After a recent webinar on top threats, someone send me the following email
Kevin, I was just online with your threat vulneability webnair and found it very interesting. You gave some good information and in a great way. But I did have one question that came to mind after the presentation if I could ask it. What is your feeling on how secure GoToMyPC and LogMeIn and the such is for people working from home and connecting to their work PC. You see this advertised a lot and a lot of people want to use it. Thanks for your help,
I decided to post my answer here because I thought it was a good question that others might want to hear about as well.
Generally I don’t like the idea for several reasons and it isn’t because their systems are not setup to be secure or that I believe that it would be easy for a hacker to access the system through those means. First, I don’t like it because it opens up a backdoor from the computer and all-to-often the IT admin doesn’t even know they have done it. Even if these back doors are approved and known, they quickly are forgotten about, not maintained, become unmanaged holes in their security. Second, while working from home, you now couldn’t tell what someone was doing directly sitting at that computer vs. what someone was doing via remote control. Third, it gives access to your network to another 3rd party provider, but not just the network, but authenticated access to a PC.
I just feel there are better, more manageable and secure ways of allowing remote users access to internal systems.

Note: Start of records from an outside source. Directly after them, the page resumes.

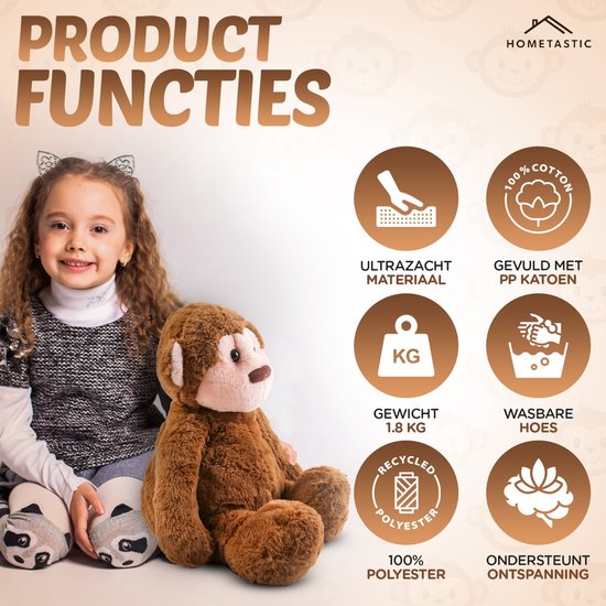 Gemaakt van superzacht pluche, met een afmeting van ± 45 cm, geschikt voor zowel kinderen als volwassenen. De knuffel is wasbaar en heeft een aantrekkelijk design dat ook als decoratie in de slaapkamer of woonkamer past.
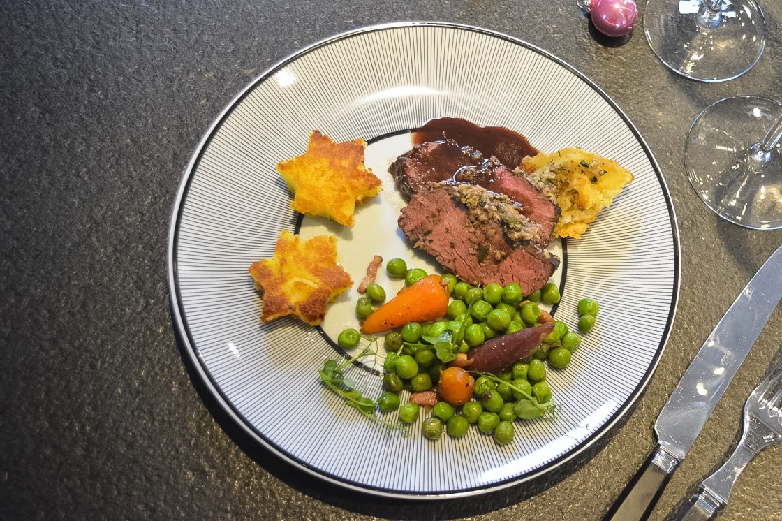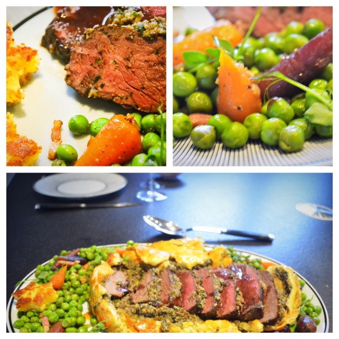 Als Gemüse gab es grüne Erbsen und kleine Möhrchen. Kartoffeln finde ich muss man nicht unbedingt dazu haben, da der Blätterteig mit der Farce sehr lecker schmeckt und doch auch gehaltvoll ist.
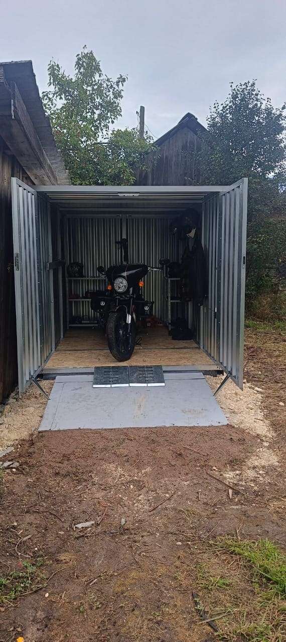 Проект: 3-метровый секицонный гараж для хранения мотоцикла в циноковм цвете.
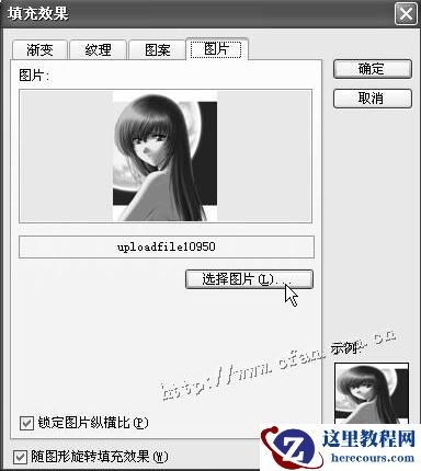 选中此图形,单击绘图工具栏的“填充色→填充效果…”,在“图片”选项卡中单击“选择图片…” 按钮打开要进行裁剪的图形文件,并同时选中“锁定图片纵横比”和“随图形旋转填充效果”选项(见图3)以保证图片不因旋转或调整尺寸而失真、变形。确定后 可以看到图片己被裁成心形。
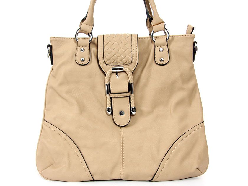 Convertible fashion handbag has a short double handle, a detachable shoulder strap, a top zipper closure with flap magnetic closing. Made of PU (polyurethane).
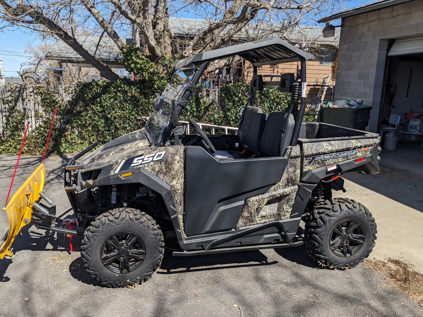 2023 Massimo T-Boss 550 with plow attachment. One owner, excellent condition - only 23 engine hours. 4wd, dump bed, front windscreen. Street legal. $ 9000 OBO. Weekend showings only. Certified or Cashier's check only.
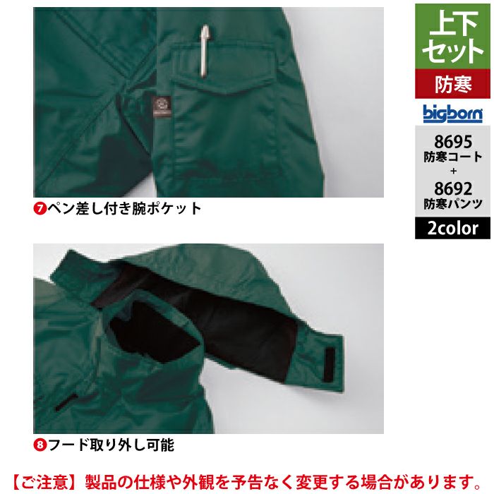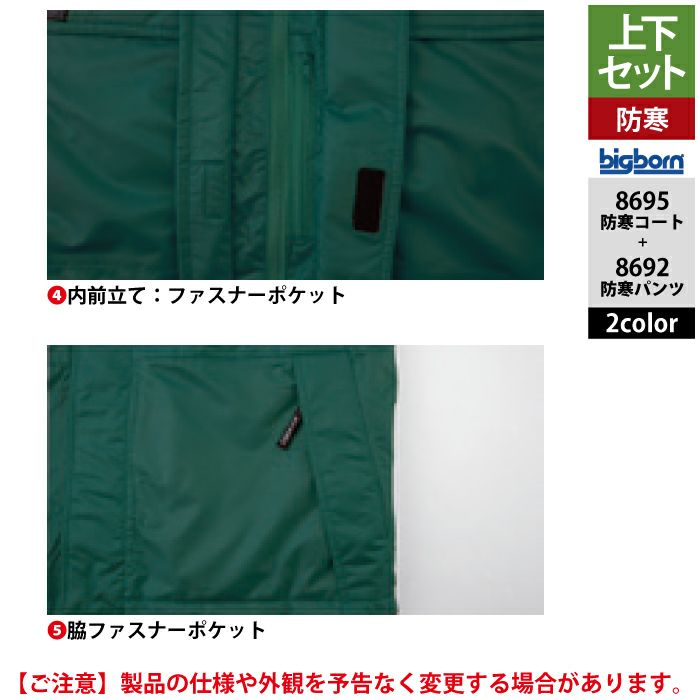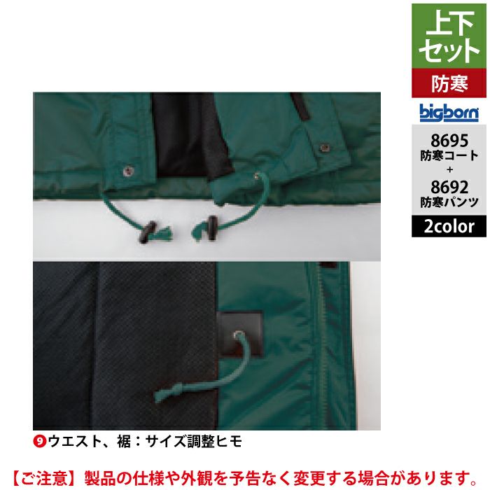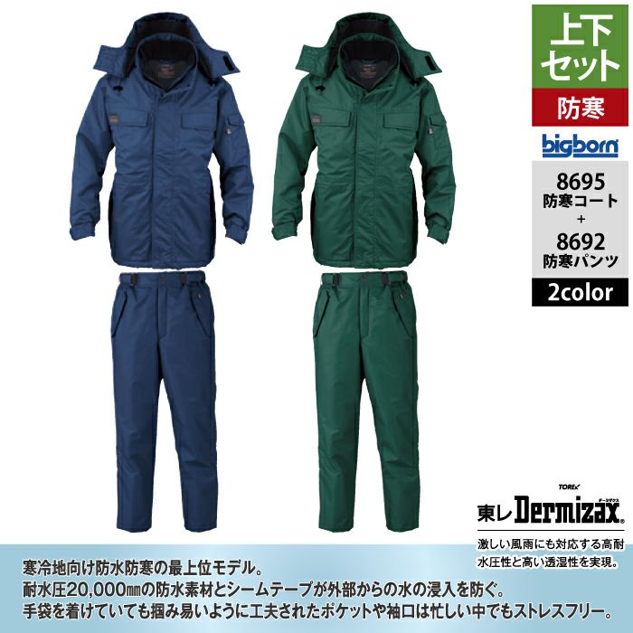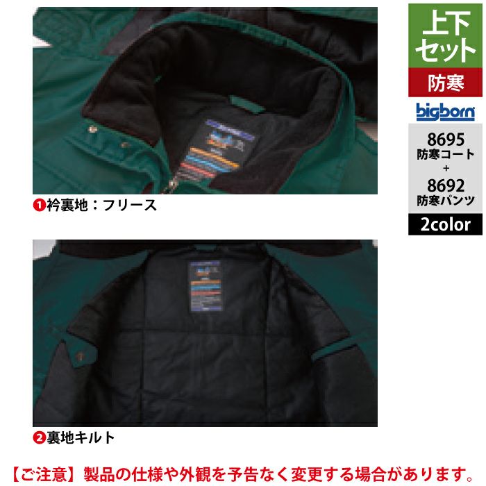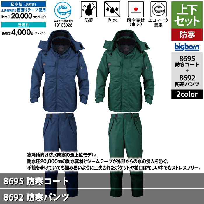 作業服 作業着 ビッグボーン bigborn 作業服 上下セット 8695 防寒コートM-3L と 8692 防寒パンツ M-3L 作業着 作業ズボン
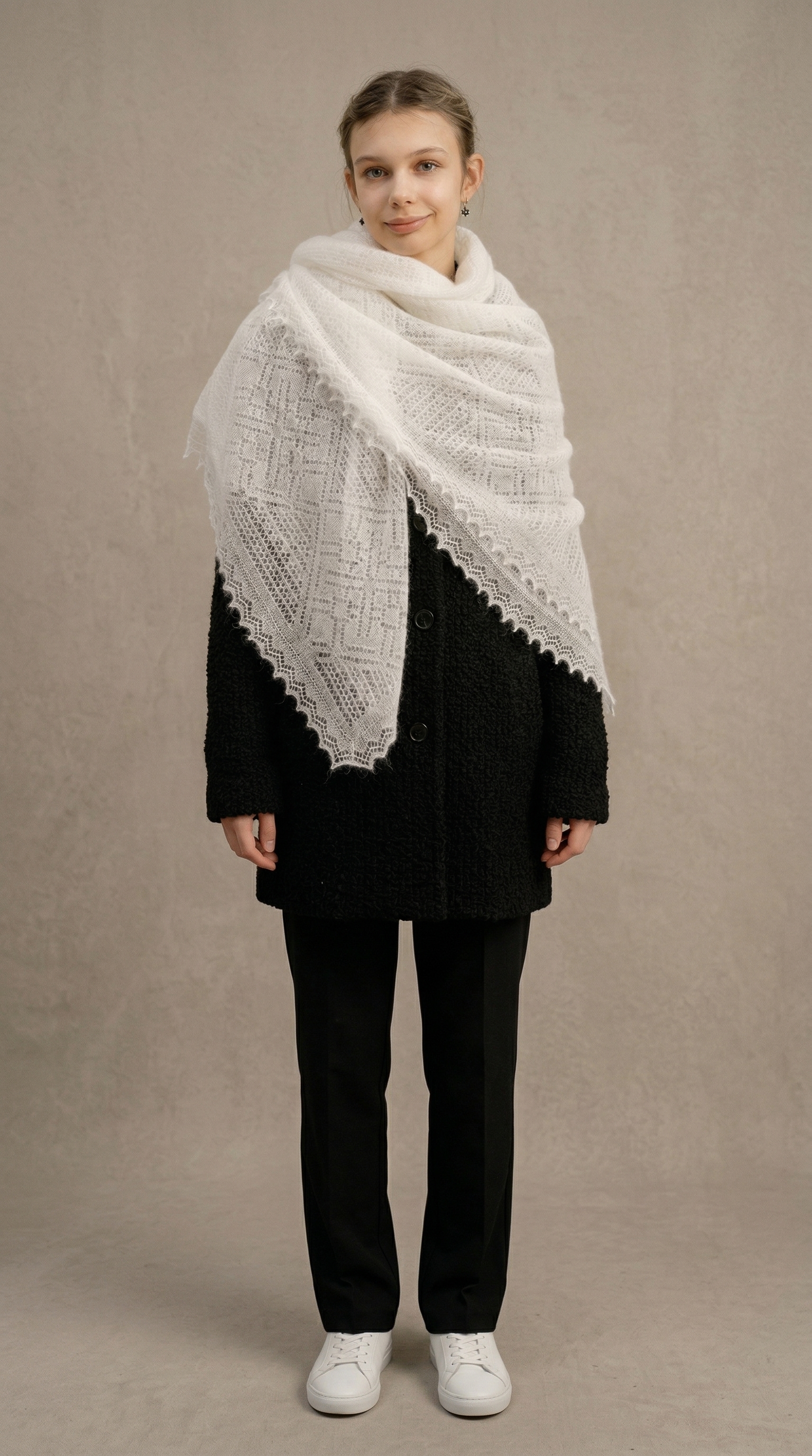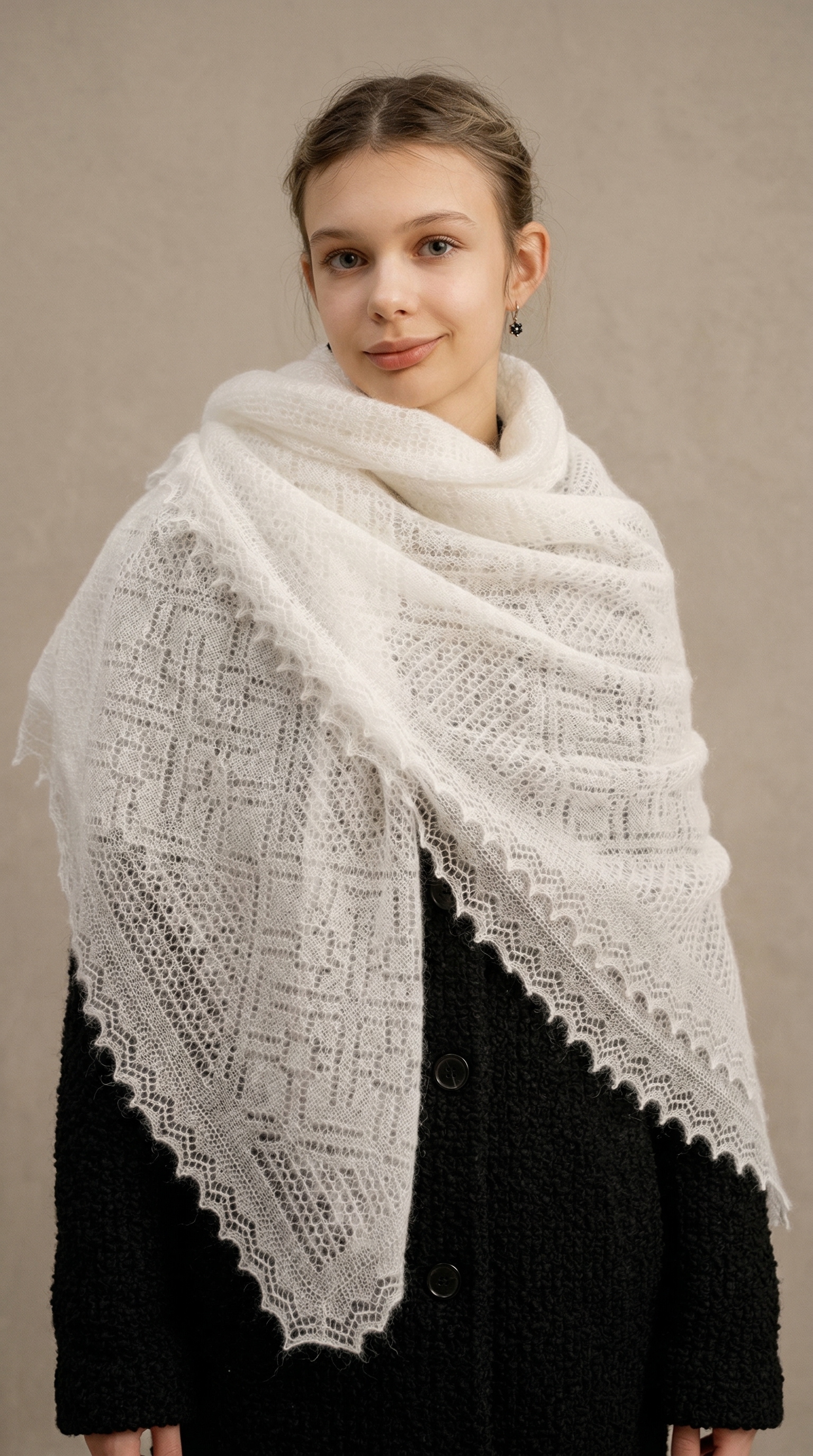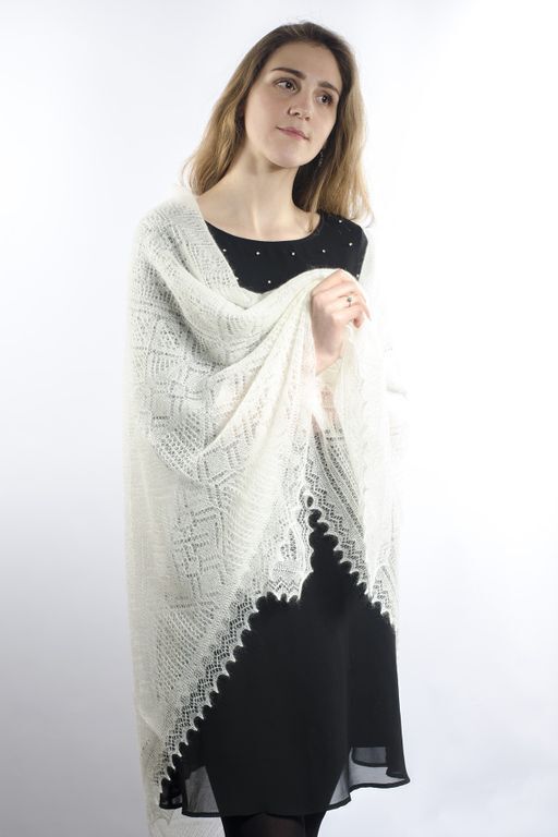 Ажурная невесомая паутинка.Благодаря уникальным особенностям козьего пуха вяжется тончайшее, полупрозрачное, воздушное, невесомое, словно легкая паутинка-ажур из бабьего лета. Изделие, отличающееся не только сказочной красотой, но и теплотой, мягкостью, особой нежностью и завидной прочностью.

I recommend VPN’s be used. This way the computer is its own node on the network and can be tracked as such. It isn’t creating a backdoor that could potentially be exploited. It uses encryption with integrity checks without going through any middleman. You can also use standard or strong authentication. I recommend strong authentication using ID tokens or something similar. These connections can be terminated inside your network to still be subject to other security solutions such as your firewall, IDS/IPS, etc. You can monitor access centrally and control permissions better when employees leave the company.